■ **Source material**:
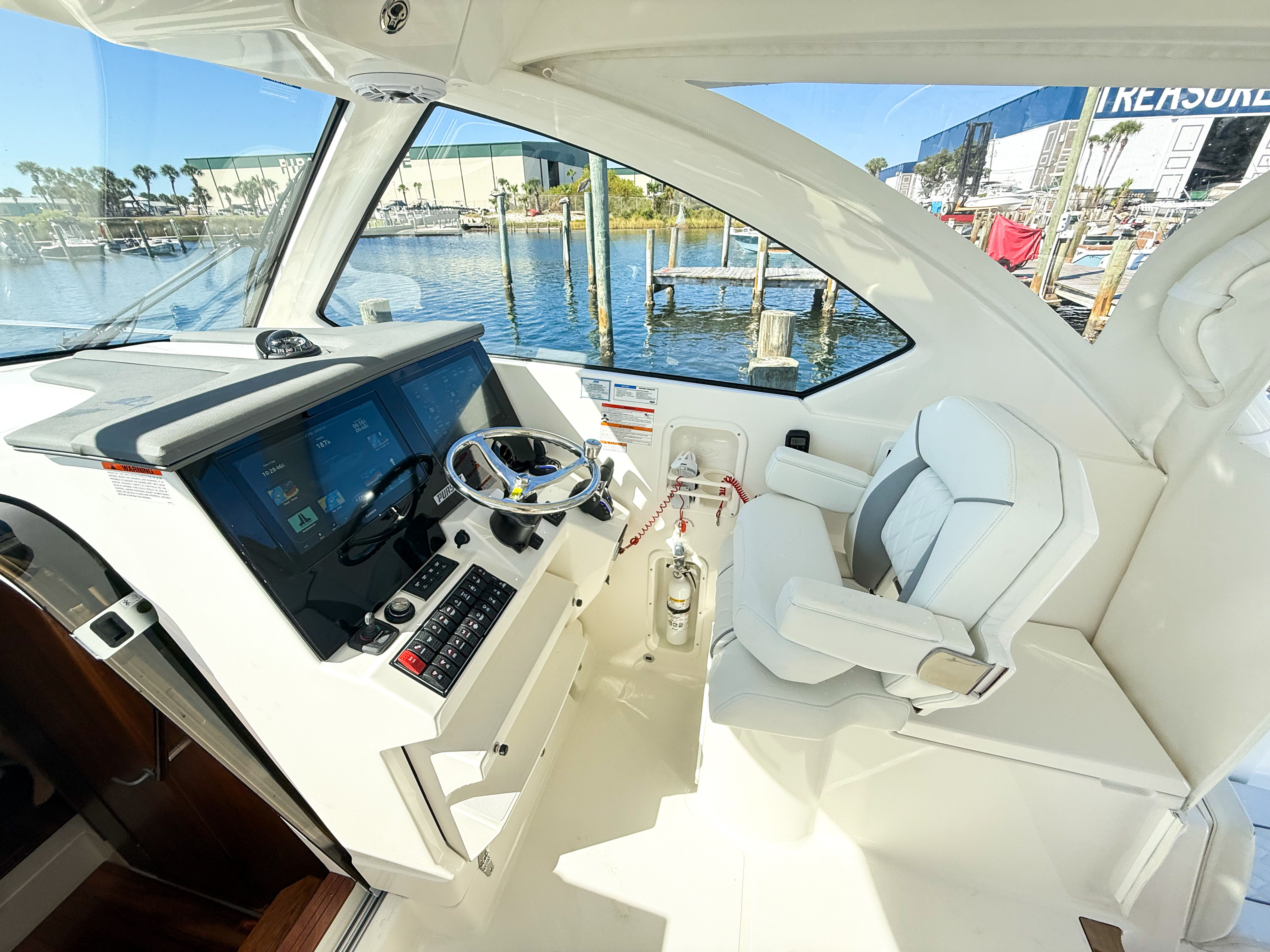 The Pursuit OS 355 is designed with practicality in mind, making ownership both easy and enjoyable. The Yamaha Joystick Control and Helm Master EX system simplify docking and maneuvering, allowing you to navigate marinas and tight slips with confidence. The manual engine flushing system streamlines maintenance, helping you protect your investment and maximize engine longevity. Ample storage throughout the boat means you can bring along everything you need for a day on the water or an extended cruise. The electric retractable sunshade and climate-controlled cockpit ensure comfort in any weather, while the forward deck sunpad offers a perfect spot for sunbathing or relaxing with a book.
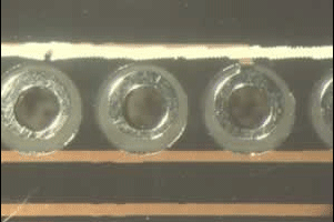 While vias may be covered by solder mask (referred to as "tented") (Figure 4), if vias are used as test points, care should be taken to have an aperture in the solder mask on the top surface, to allow gas to escape from the via during wave soldering. (Purves suggests that this should be 100µm larger than the finished drill size used for the via) This procedure allows the via to fill with solder and create a good test probe target.
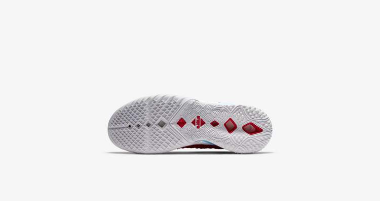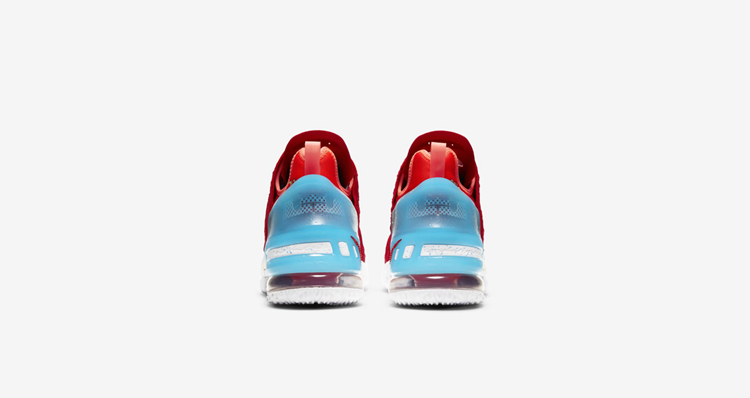 整体配色采用喜庆的大红为主调,后跟则辅以水蓝色 TPU 映衬。
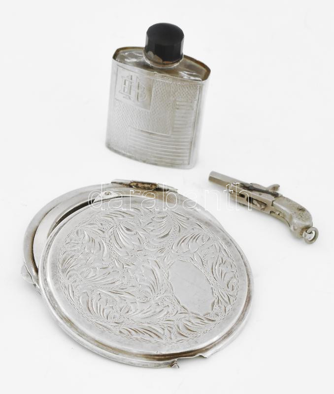 Leírás: 3 darab régi német / osztrák tárgy, a pudrié külső része és a parfümös fiola borítólemeze ezüst (Ag)
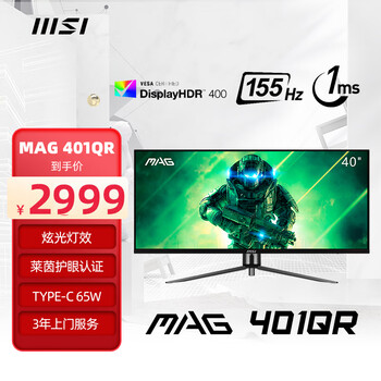 微星新款40英寸带鱼屏显示器MAG 401QR开售,售价2999元。
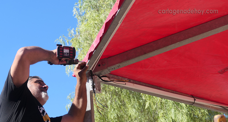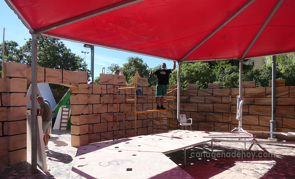 Han comenzado los trabajos para el montaje del tradicional parque de Navidad de la plaza de la Marina Española de Santa Lucía, que acoge el gran belén con figuras en movimiento y diversas casetas y elementos típicos de esas fechas. En la foto, grupo de voluntarios que llevan a cabo las labores.
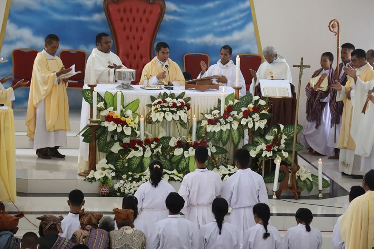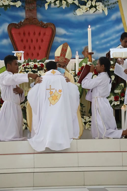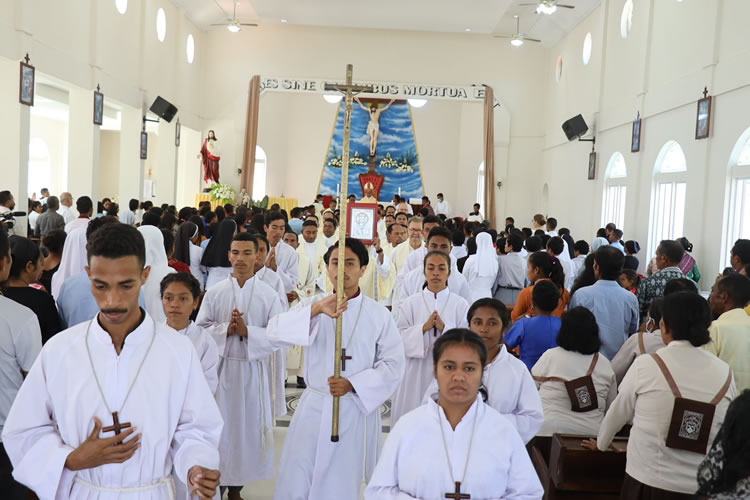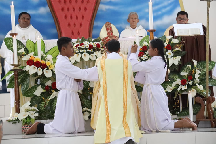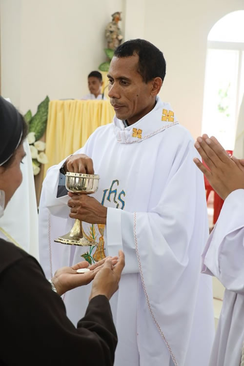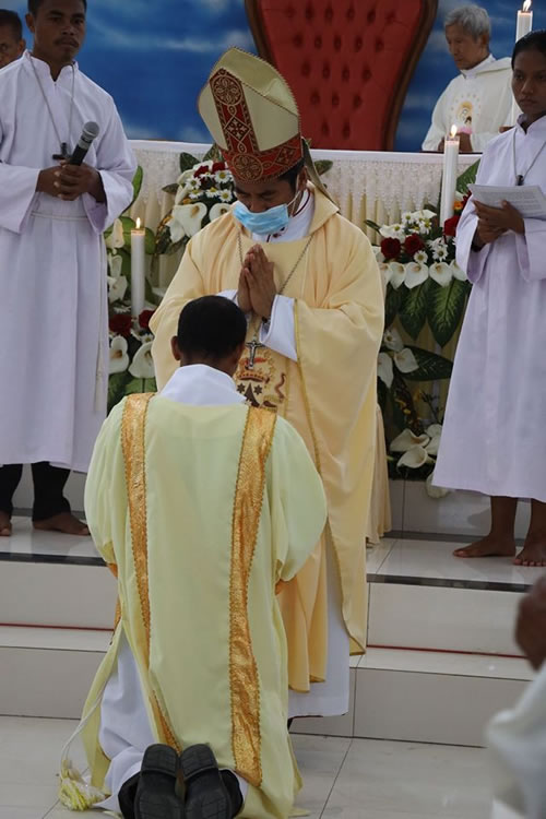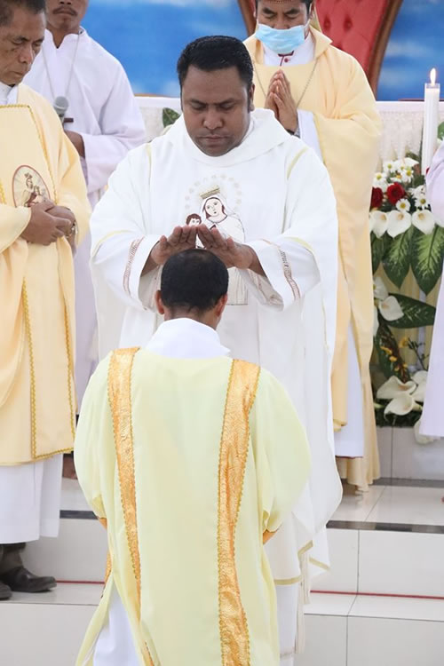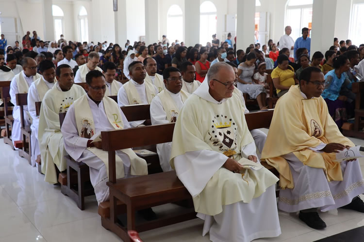 On Saturday 8 August Fr Donato De Jesus Marçal was ordained a priest at St James Church, Hera, Timor-Leste. The ceremony and feast afterwards were attended by over 1,000 people. Archbishop Virgilio do Carmo da Silva, SDB was the celebrant. Fr Carlito Da Costa Araújo (Provincial Delegate for Timor-Leste) represented Fr Paul Cahill (Prior Provincial) who was unable to attend due to COVID-19 restrictions. For the past year Donato has been a member of our community at Coorparoo (QLD), studying English and exercising his ministry as a deacon before returning to Timor-Leste in July. Congratulations, Donato!

■ **Task description**: The records shown above are to be repeated exactly, with the pictures left out.

■ **Your response**:
 The Pursuit OS 355 is designed with practicality in mind, making ownership both easy and enjoyable. The Yamaha Joystick Control and Helm Master EX system simplify docking and maneuvering, allowing you to navigate marinas and tight slips with confidence. The manual engine flushing system streamlines maintenance, helping you protect your investment and maximize engine longevity. Ample storage throughout the boat means you can bring along everything you need for a day on the water or an extended cruise. The electric retractable sunshade and climate-controlled cockpit ensure comfort in any weather, while the forward deck sunpad offers a perfect spot for sunbathing or relaxing with a book.
 While vias may be covered by solder mask (referred to as "tented") (Figure 4), if vias are used as test points, care should be taken to have an aperture in the solder mask on the top surface, to allow gas to escape from the via during wave soldering. (Purves suggests that this should be 100µm larger than the finished drill size used for the via) This procedure allows the via to fill with solder and create a good test probe target.
 整体配色采用喜庆的大红为主调,后跟则辅以水蓝色 TPU 映衬。
 Leírás: 3 darab régi német / osztrák tárgy, a pudrié külső része és a parfümös fiola borítólemeze ezüst (Ag)
 微星新款40英寸带鱼屏显示器MAG 401QR开售,售价2999元。
 Han comenzado los trabajos para el montaje del tradicional parque de Navidad de la plaza de la Marina Española de Santa Lucía, que acoge el gran belén con figuras en movimiento y diversas casetas y elementos típicos de esas fechas. En la foto, grupo de voluntarios que llevan a cabo las labores.
 On Saturday 8 August Fr Donato De Jesus Marçal was ordained a priest at St James Church, Hera, Timor-Leste. The ceremony and feast afterwards were attended by over 1,000 people. Archbishop Virgilio do Carmo da Silva, SDB was the celebrant. Fr Carlito Da Costa Araújo (Provincial Delegate for Timor-Leste) represented Fr Paul Cahill (Prior Provincial) who was unable to attend due to COVID-19 restrictions. For the past year Donato has been a member of our community at Coorparoo (QLD), studying English and exercising his ministry as a deacon before returning to Timor-Leste in July. Congratulations, Donato!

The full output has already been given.